Material supplied:
--- --- ---

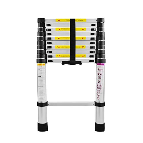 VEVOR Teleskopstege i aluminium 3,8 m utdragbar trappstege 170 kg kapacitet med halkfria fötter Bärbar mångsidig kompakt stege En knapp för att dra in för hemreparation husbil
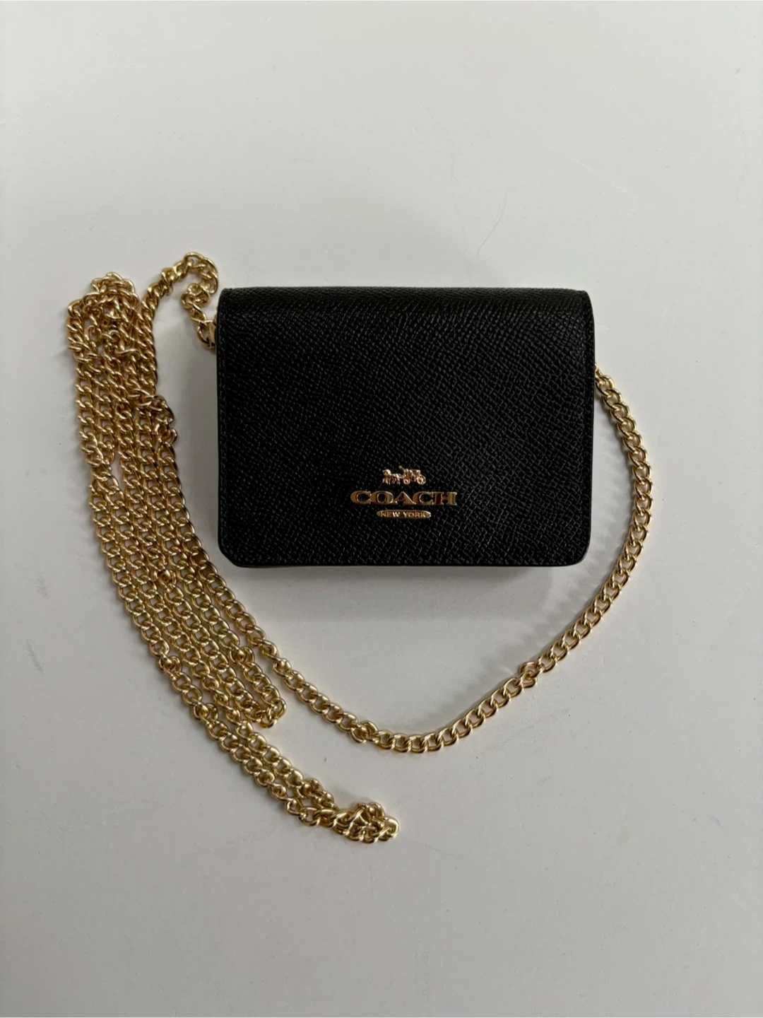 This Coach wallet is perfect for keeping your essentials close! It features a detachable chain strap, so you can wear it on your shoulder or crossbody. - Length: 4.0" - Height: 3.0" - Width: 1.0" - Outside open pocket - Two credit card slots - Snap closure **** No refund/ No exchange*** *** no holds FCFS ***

--- --- ---

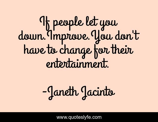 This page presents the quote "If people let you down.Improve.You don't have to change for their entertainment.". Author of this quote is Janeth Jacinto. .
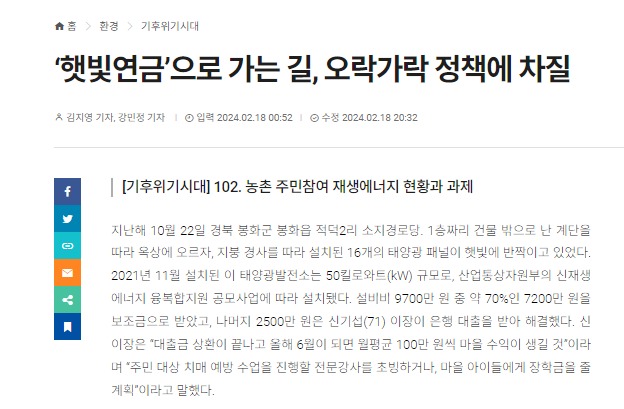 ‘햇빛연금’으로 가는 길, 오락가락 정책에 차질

--- --- ---

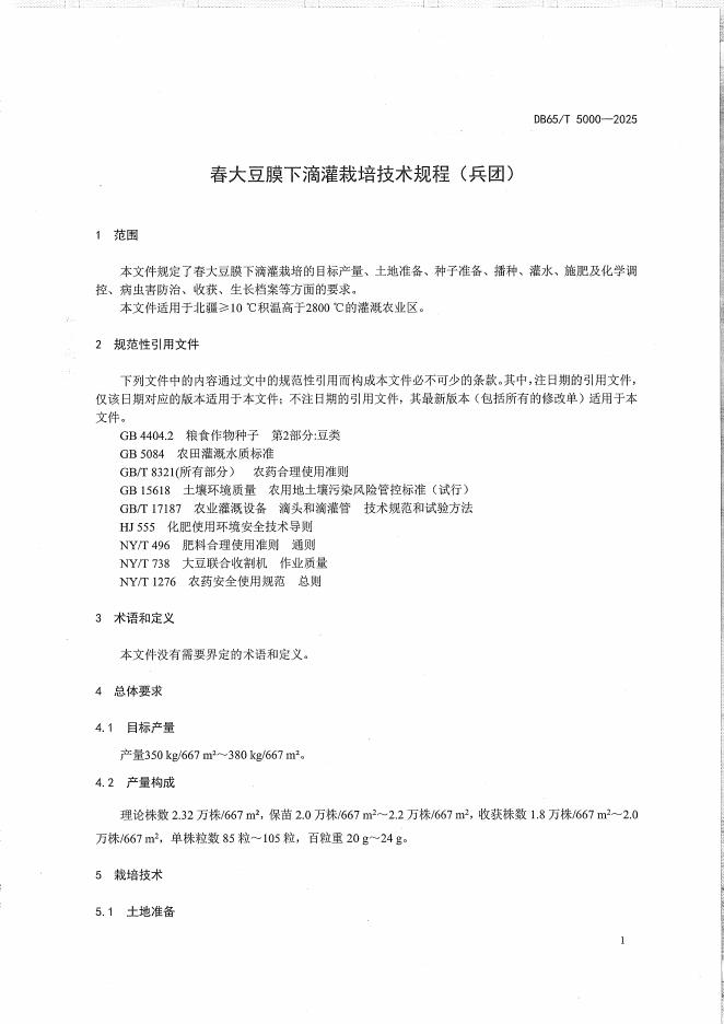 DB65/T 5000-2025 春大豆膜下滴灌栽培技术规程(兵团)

--- --- ---

Requirement: Within the entries above, give again exactly the lines starting at the one that contains "This page presents" and ending at the one that contains "오락가락 정책에 차질", leaving out the pictures.

The completed task:
 This page presents the quote "If people let you down.Improve.You don't have to change for their entertainment.". Author of this quote is Janeth Jacinto. .
 ‘햇빛연금’으로 가는 길, 오락가락 정책에 차질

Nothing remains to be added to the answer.